Son Jeong Woo, Hong Ji Young, Kim Yoon, Kim Woo Jin, Shin Dae-Yong, Choi Hyun-Soo, Bak So Hyeon, Moon Kyoung Min
ZIOVISION, Chuncheon 24341, Korea.
Division of Pulmonary and Critical Care Medicine, Department of Medicine, Chuncheon Sacred Heart Hospital, Hallym University Medical Center, Chuncheon 24253, Korea.
Cancers (Basel). 2022 Jun 28;14(13):3174. doi: 10.3390/cancers14133174.

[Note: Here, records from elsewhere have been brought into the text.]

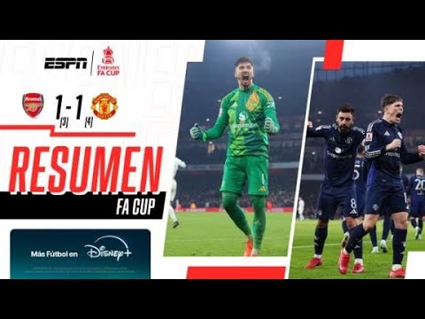 FA Cup 2025 32avos de final Goles: 52′ B. Fernandes (MU); 63′ Gabriel (A). Incidencias: Manchester United se impuso 5-3 en los penales.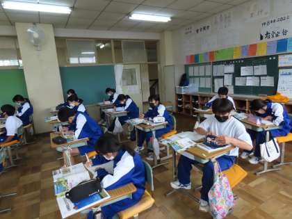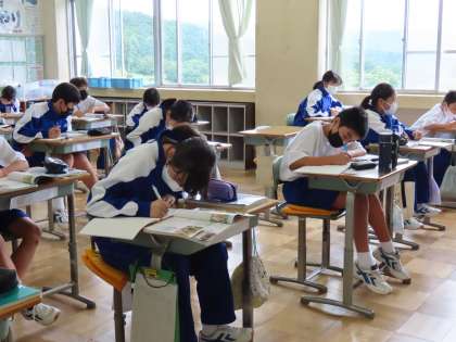 写真中、下:学習に真剣に取り組む1年生の皆さん。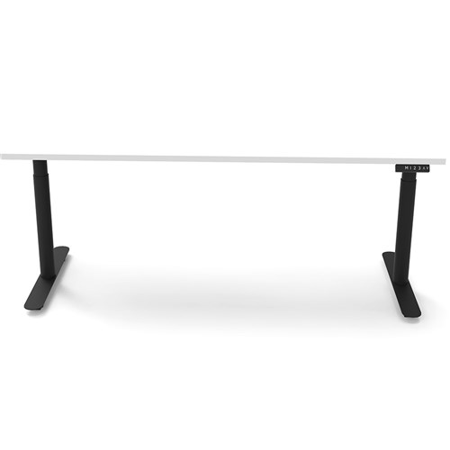 White top with Black frame. Unit Dimension: 1200mm W x 750mm D x 620-1270mm H. E0 rated top. Powdercoat base. Digital control panel with 3 pre-set positions, LED display panel, keypad safety lock & reminder alarm setting. Anti-collision technology, noise emission of less than 50DB. Lifting capacity of 120kg with a max speed of 38mm per second. 70mm diameter round column legs. 700mm wide foot size with adjustable leveling feet, return foot: 700mm. 10 Year Manufacturer's Warranty. Delivery, installation and assembly charges may apply to furniture. Please enquire to confirm.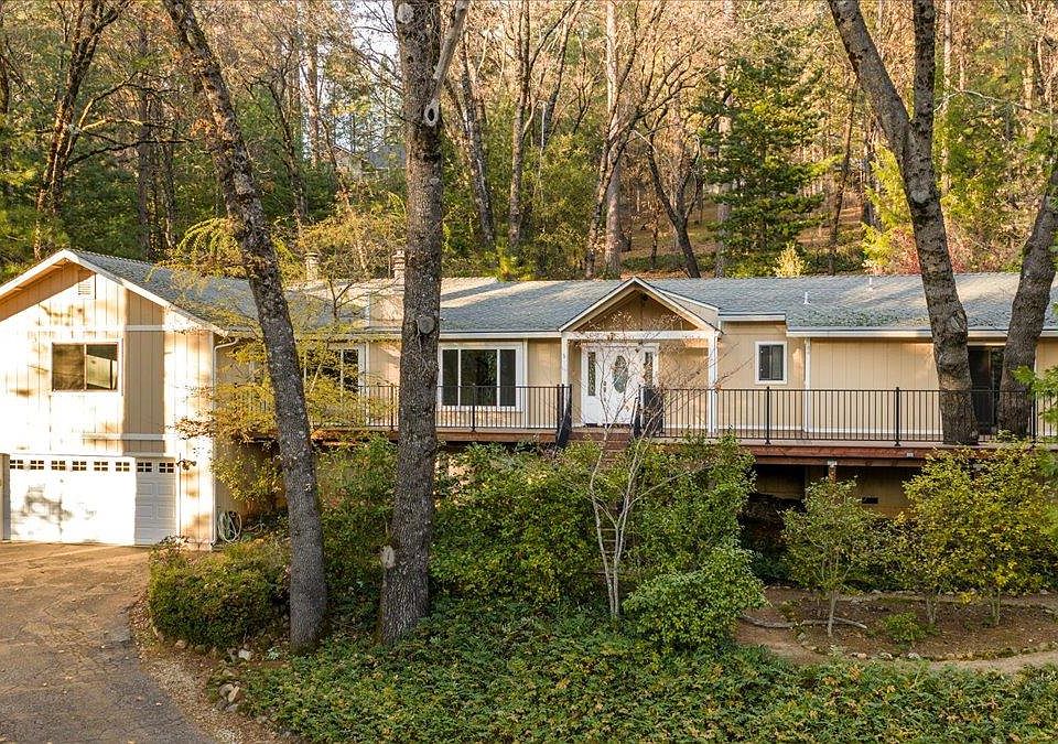 Nestled in a tranquil Alta Sierra setting, this home offers picturesque views from its expansive front deck and through windows that fill the interior with natural light. This spacious 2,564 sq ft residence features 3 bedrooms, 2 bathrooms, an office, and a versatile bonus room with its own exterior entry - ideal for guests, hobbies, or a home gym. The spacious living room is light and welcoming, featuring a fireplace and built-ins, and it opens seamlessly into the kitchen, dining area, and family room. The kitchen includes solid countertops, a farmhouse sink, and abundant cabinetry. This central gathering space offers a skylight, a wood-burning fireplace, built-ins, expansive windows overlooking the backyard, hardwood floors, and easy access to the peaceful patio. The primary suite is located at the end of the hall and features a spacious walk-in closet, along with a slider leading out to the front deck. The two additional bedrooms share the second bathroom. Enjoy the convenience of a laundry room with a sink, extra storage, and direct access to the garage. The fenced back yard, garden/tool shed, and acre lot offer both privacy and room to roam. It is conveniently located just 2 minutes from Hwy 49, 10 minutes to downtown Grass Valley, and under 30 minutes to Auburn.

Early detection of lung nodules is essential for preventing lung cancer. However, the number of radiologists who can diagnose lung nodules is limited, and considerable effort and time are required. To address this problem, researchers are investigating the automation of deep-learning-based lung nodule detection. However, deep learning requires large amounts of data, which can be difficult to collect. Therefore, data collection should be optimized to facilitate experiments at the beginning of lung nodule detection studies. We collected chest computed tomography scans from 515 patients with lung nodules from three hospitals and high-quality lung nodule annotations reviewed by radiologists. We conducted several experiments using the collected datasets and publicly available data from LUNA16. The object detection model, YOLOX was used in the lung nodule detection experiment. Similar or better performance was obtained when training the model with the collected data rather than LUNA16 with large amounts of data. We also show that weight transfer learning from pre-trained open data is very useful when it is difficult to collect large amounts of data. Good performance can otherwise be expected when reaching more than 100 patients. This study offers valuable insights for guiding data collection in lung nodules studies in the future.
早期发现肺结节对于预防肺癌至关重要。然而,能够诊断肺结节的放射科医生数量有限,且需要付出大量努力和时间。为了解决这一问题,研究人员正在研究基于深度学习的肺结节检测自动化。然而,深度学习需要大量数据,而这些数据可能难以收集。因此,在肺结节检测研究开始时,应优化数据收集以促进实验。我们从三家医院收集了515例肺结节患者的胸部计算机断层扫描图像以及经放射科医生审核的高质量肺结节标注。我们使用收集到的数据集和来自LUNA16的公开可用数据进行了多项实验。在肺结节检测实验中使用了目标检测模型YOLOX。用收集到的数据训练模型时,获得了与使用大量数据的LUNA16相似或更好的性能。我们还表明,当难以收集大量数据时,从预训练的开放数据进行权重迁移学习非常有用。否则,当患者数量超过100例时,可以预期会有良好的性能。本研究为未来肺结节研究中的数据收集提供了有价值的见解。